**TASK REQUIREMENTS:** Could you print exactly the lines of the listing below, starting at the line that has "空冷VW VW BUS" and ending at the line that has "KSAP3T5500W20 Koncový spínač", and only those lines?

**RECORDS TO PROCESS:**
_ _ _
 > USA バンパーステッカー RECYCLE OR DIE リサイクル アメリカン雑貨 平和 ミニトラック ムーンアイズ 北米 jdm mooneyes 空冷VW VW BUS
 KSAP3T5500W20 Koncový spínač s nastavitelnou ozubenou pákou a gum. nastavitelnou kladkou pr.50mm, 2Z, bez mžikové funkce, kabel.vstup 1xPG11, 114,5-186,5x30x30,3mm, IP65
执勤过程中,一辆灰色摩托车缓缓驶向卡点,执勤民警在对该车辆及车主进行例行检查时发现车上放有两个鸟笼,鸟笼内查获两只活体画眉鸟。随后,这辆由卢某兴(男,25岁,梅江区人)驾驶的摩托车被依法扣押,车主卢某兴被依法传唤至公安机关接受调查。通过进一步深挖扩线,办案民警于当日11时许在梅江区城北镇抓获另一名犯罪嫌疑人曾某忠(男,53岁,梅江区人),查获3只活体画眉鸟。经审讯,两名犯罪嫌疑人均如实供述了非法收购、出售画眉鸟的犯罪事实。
_ _ _
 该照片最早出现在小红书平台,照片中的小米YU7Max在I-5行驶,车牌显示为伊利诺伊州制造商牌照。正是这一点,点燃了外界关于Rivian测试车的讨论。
_ _ _
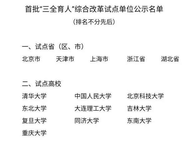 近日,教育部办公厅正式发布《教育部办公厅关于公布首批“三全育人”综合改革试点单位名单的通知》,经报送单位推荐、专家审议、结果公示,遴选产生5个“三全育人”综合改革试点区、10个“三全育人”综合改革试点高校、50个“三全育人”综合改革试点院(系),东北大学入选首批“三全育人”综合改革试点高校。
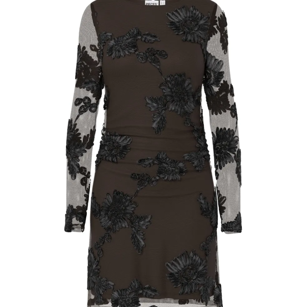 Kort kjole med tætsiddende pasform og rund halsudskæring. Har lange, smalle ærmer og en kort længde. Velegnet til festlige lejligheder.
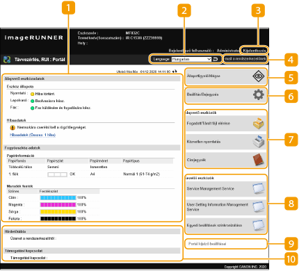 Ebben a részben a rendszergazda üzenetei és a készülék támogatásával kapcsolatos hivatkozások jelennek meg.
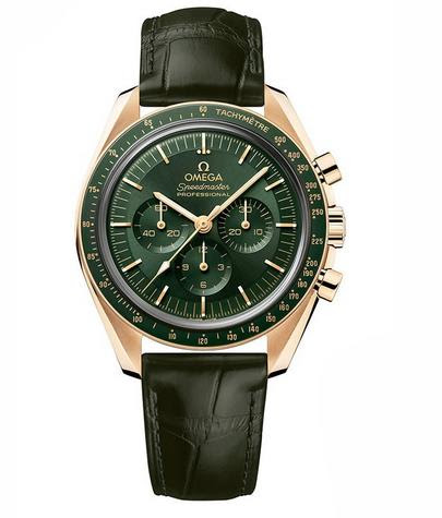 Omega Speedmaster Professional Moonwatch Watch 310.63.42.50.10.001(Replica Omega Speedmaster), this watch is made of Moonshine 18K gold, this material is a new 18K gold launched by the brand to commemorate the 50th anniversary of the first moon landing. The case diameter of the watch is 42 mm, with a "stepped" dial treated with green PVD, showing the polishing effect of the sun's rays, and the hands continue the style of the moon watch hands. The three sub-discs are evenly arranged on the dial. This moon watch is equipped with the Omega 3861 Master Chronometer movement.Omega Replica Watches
_ _ _
**RESULT:**
 > USA バンパーステッカー RECYCLE OR DIE リサイクル アメリカン雑貨 平和 ミニトラック ムーンアイズ 北米 jdm mooneyes 空冷VW VW BUS
 KSAP3T5500W20 Koncový spínač s nastavitelnou ozubenou pákou a gum. nastavitelnou kladkou pr.50mm, 2Z, bez mžikové funkce, kabel.vstup 1xPG11, 114,5-186,5x30x30,3mm, IP65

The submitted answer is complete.